**How to complete this task**
Look through the listing below for the line containing "Слайд 8Биогенное вещество". Copy it and each line after it up to and including the line containing "冉嘉洛在岳秀楼503蒙台梭利", exactly, leaving out pictures.

**Data for this task**
================================

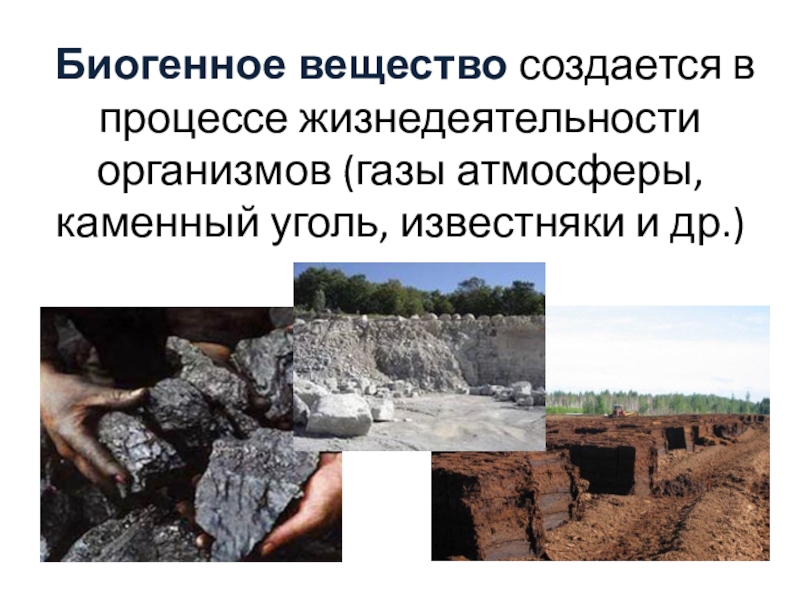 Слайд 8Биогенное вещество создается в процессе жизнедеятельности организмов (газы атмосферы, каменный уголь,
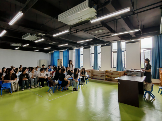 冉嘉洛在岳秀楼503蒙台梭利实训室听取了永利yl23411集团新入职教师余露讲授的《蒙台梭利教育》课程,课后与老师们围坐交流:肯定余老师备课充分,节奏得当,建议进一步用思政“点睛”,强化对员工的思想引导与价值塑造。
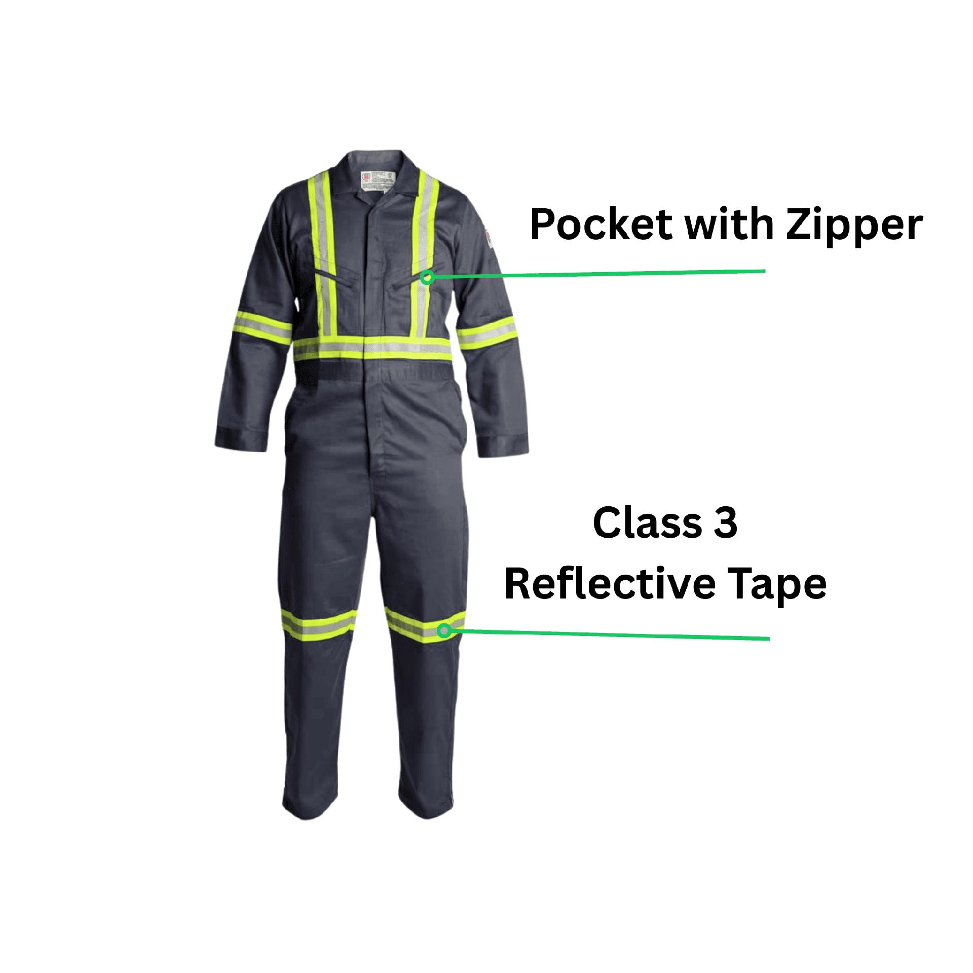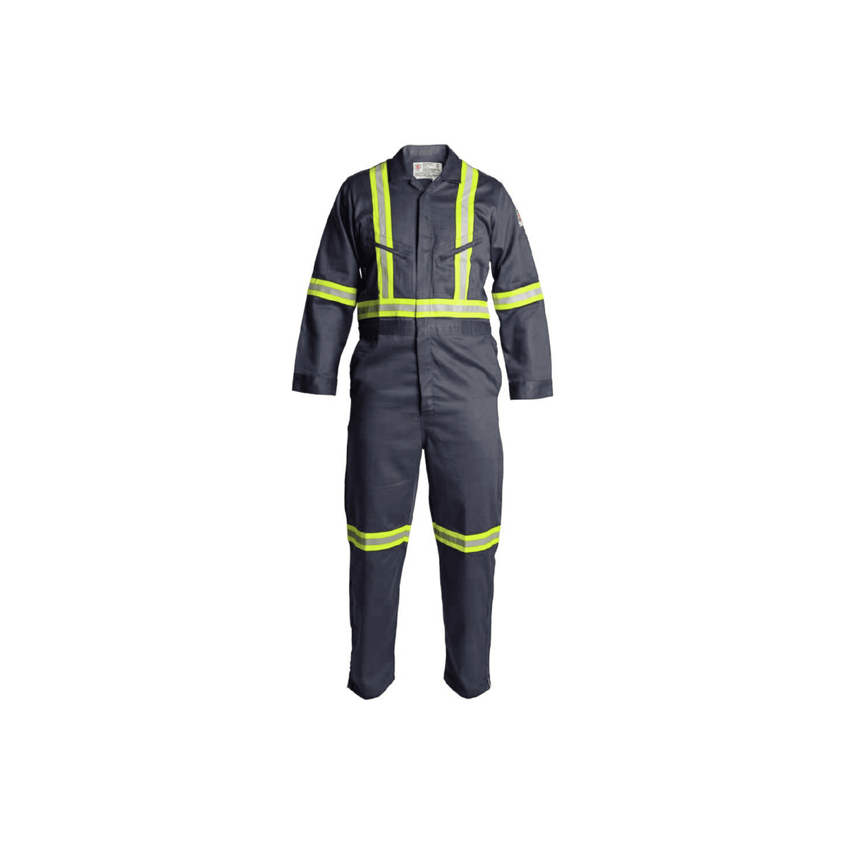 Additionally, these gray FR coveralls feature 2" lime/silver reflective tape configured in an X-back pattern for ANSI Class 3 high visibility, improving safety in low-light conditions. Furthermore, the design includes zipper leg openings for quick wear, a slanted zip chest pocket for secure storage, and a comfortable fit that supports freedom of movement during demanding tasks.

================================

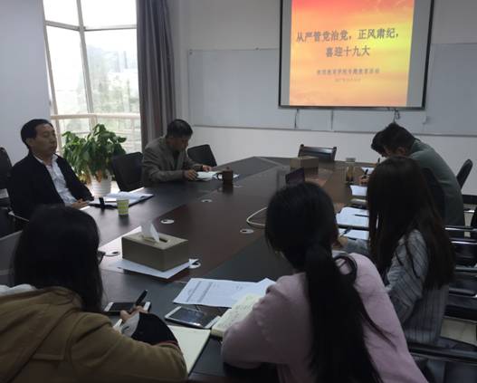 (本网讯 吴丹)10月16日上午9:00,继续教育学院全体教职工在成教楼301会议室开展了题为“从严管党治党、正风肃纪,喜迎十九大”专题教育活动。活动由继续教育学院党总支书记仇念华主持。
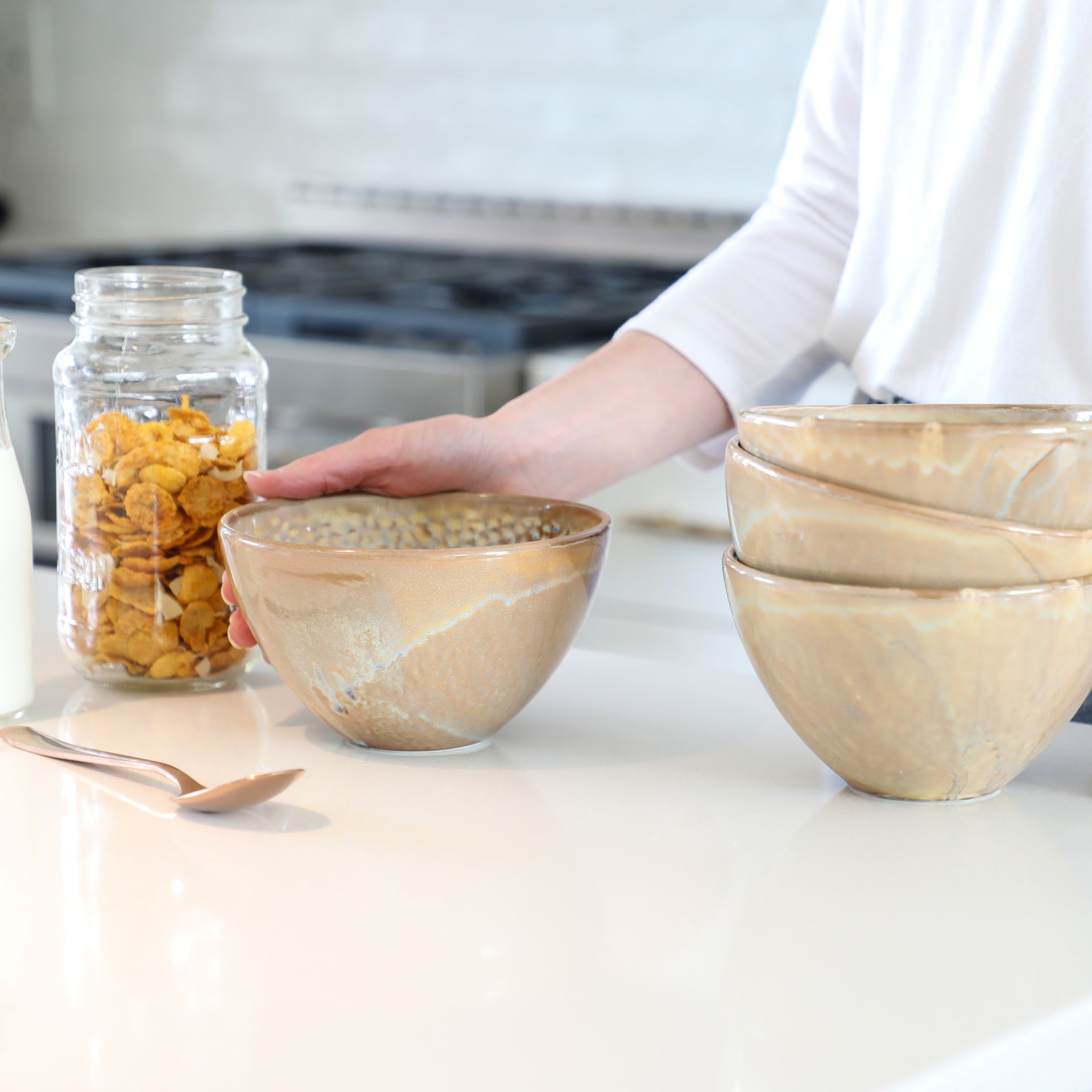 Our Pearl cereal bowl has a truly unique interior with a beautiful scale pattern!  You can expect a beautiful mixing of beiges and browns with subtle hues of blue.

================================

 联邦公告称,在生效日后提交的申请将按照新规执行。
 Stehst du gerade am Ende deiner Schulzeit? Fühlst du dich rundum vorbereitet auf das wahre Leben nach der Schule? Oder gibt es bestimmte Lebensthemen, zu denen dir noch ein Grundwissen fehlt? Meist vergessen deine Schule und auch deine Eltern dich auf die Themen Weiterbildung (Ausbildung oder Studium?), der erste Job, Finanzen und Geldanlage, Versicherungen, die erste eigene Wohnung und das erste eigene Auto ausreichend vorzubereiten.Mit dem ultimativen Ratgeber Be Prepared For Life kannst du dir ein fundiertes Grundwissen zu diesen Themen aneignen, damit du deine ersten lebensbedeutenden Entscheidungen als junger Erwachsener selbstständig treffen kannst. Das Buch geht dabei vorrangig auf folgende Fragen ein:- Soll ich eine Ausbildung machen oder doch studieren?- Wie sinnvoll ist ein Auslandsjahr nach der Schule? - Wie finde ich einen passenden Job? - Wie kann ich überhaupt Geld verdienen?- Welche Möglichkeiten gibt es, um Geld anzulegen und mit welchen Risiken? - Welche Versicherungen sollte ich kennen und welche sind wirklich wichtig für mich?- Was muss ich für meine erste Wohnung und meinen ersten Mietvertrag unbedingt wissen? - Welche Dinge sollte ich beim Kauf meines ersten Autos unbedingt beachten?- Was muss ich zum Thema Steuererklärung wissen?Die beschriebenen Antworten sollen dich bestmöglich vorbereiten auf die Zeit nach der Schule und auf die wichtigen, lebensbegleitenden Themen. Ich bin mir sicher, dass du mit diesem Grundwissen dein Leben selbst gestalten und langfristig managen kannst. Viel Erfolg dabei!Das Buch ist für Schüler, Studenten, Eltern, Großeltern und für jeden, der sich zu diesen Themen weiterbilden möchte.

================================

**Response to this task**
 Слайд 8Биогенное вещество создается в процессе жизнедеятельности организмов (газы атмосферы, каменный уголь,
 冉嘉洛在岳秀楼503蒙台梭利实训室听取了永利yl23411集团新入职教师余露讲授的《蒙台梭利教育》课程,课后与老师们围坐交流:肯定余老师备课充分,节奏得当,建议进一步用思政“点睛”,强化对员工的思想引导与价值塑造。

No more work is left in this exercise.